**DATA SHOWN:**
----
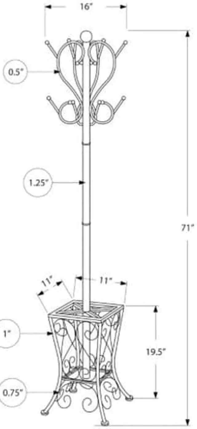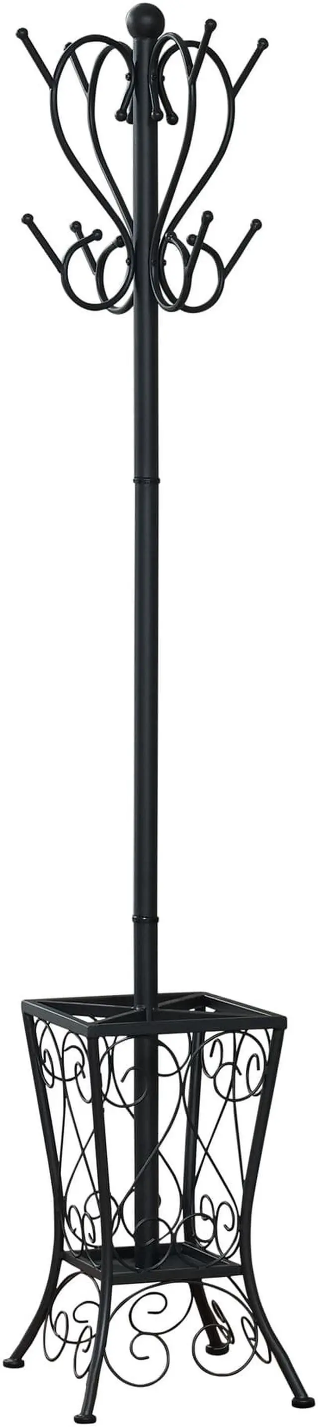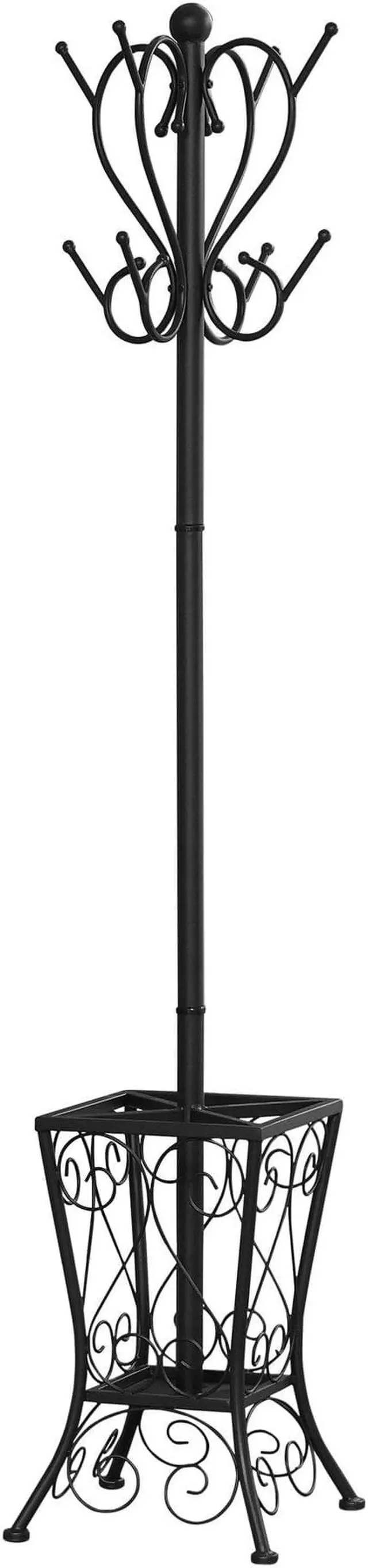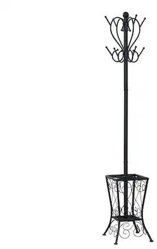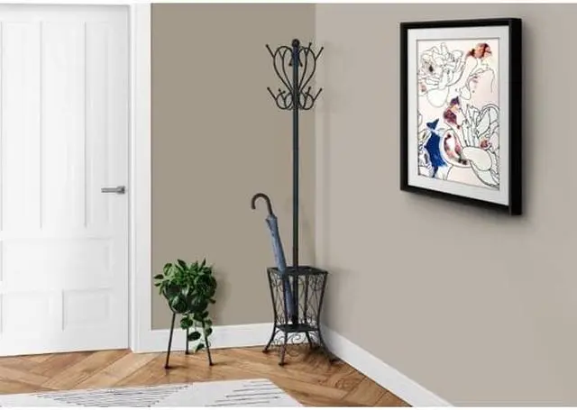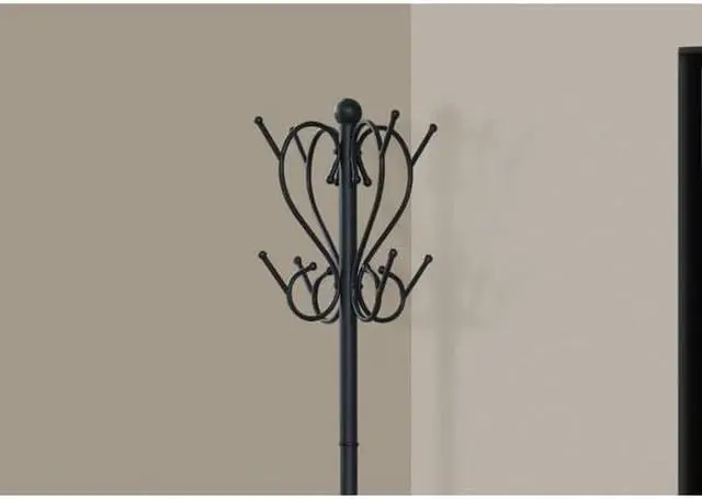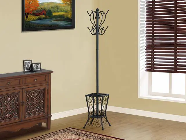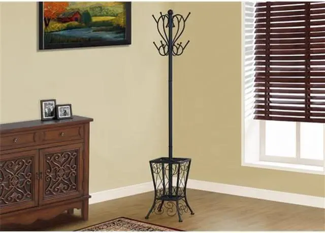 I 2060 Coat Rack By Monarch Specialties Enhance the look of your entryway or hallway with this black metal coat rack. The two tiered curved pegs paired with an elaborately scrolled basket offers the perfect place to store hats, jackets, scarves and umbrellas. The classic appeal of this coat rack lends itself to a stylish elegance reminiscent of a romantic Parisian apartment that will provide you with years of lasting enjoyment.
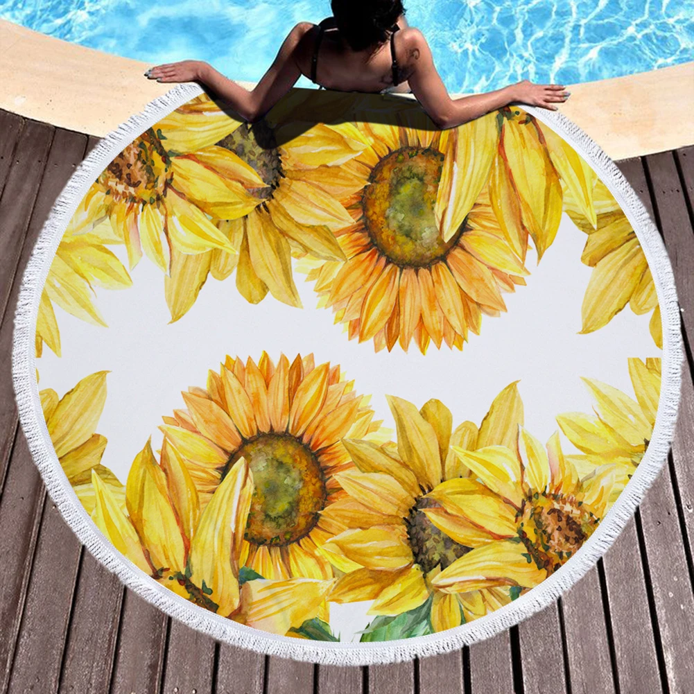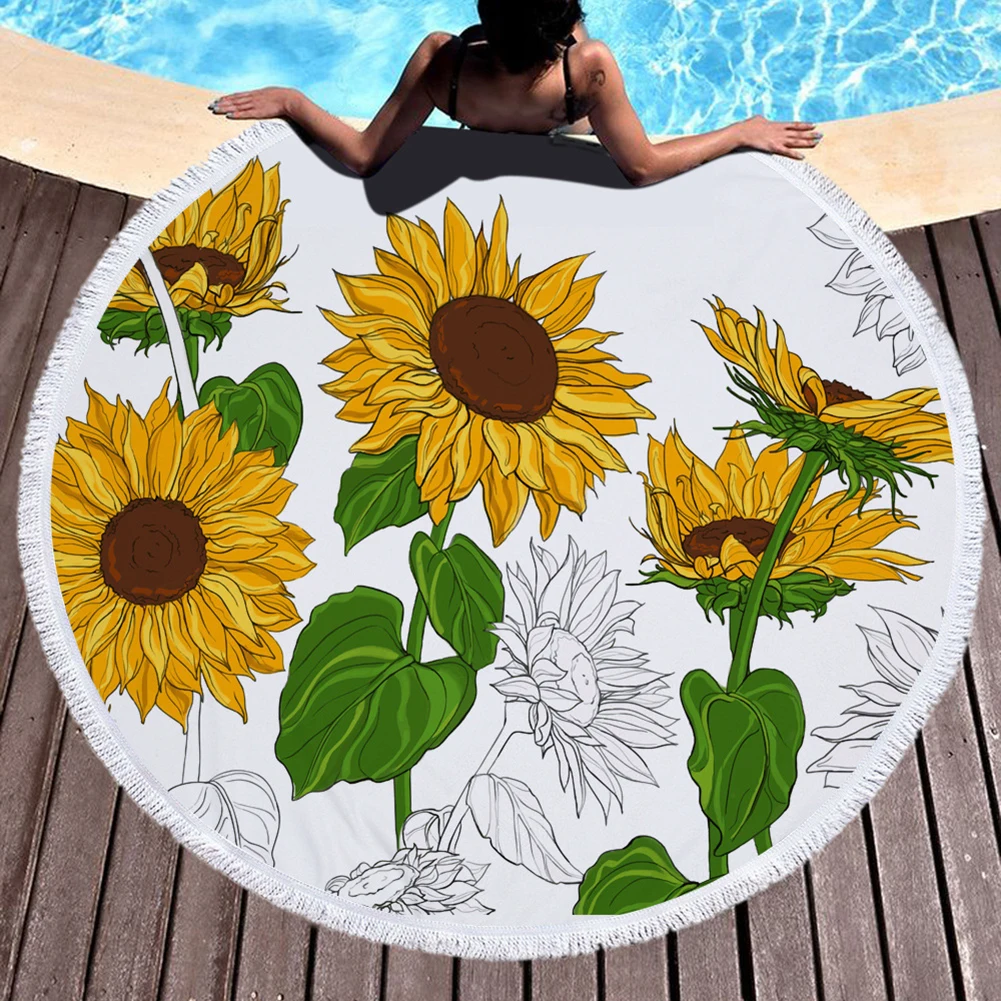 С уникальным и ярким рисунком подсолнуха, напечатанным на, круглое полотенце обеспечивает элегантный вид и не выцветает.
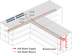 Figure 5-7 provides an example of how to implement dual loop design in a low-rise multifamily building with a simple layout. In this example, the water heating equipment is in the middle of the top floor with each recirculation loop serving exactly half of the building. The recirculation loops are located in the middle floor to minimize branch pipe length to each dwelling unit. The figure also illustrates how the solar water heating system and demand controls are integrated.
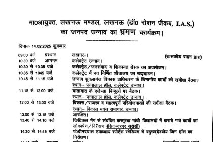 *उन्नाव।* मंडलायुक्त रोशन जैकब ( लखनऊ) का कल 14 फरवरी को होगा…
----
Copy all of the data word for word, and keep the pictures out of it.

 I 2060 Coat Rack By Monarch Specialties Enhance the look of your entryway or hallway with this black metal coat rack. The two tiered curved pegs paired with an elaborately scrolled basket offers the perfect place to store hats, jackets, scarves and umbrellas. The classic appeal of this coat rack lends itself to a stylish elegance reminiscent of a romantic Parisian apartment that will provide you with years of lasting enjoyment.
 С уникальным и ярким рисунком подсолнуха, напечатанным на, круглое полотенце обеспечивает элегантный вид и не выцветает.
 Figure 5-7 provides an example of how to implement dual loop design in a low-rise multifamily building with a simple layout. In this example, the water heating equipment is in the middle of the top floor with each recirculation loop serving exactly half of the building. The recirculation loops are located in the middle floor to minimize branch pipe length to each dwelling unit. The figure also illustrates how the solar water heating system and demand controls are integrated.
 *उन्नाव।* मंडलायुक्त रोशन जैकब ( लखनऊ) का कल 14 फरवरी को होगा…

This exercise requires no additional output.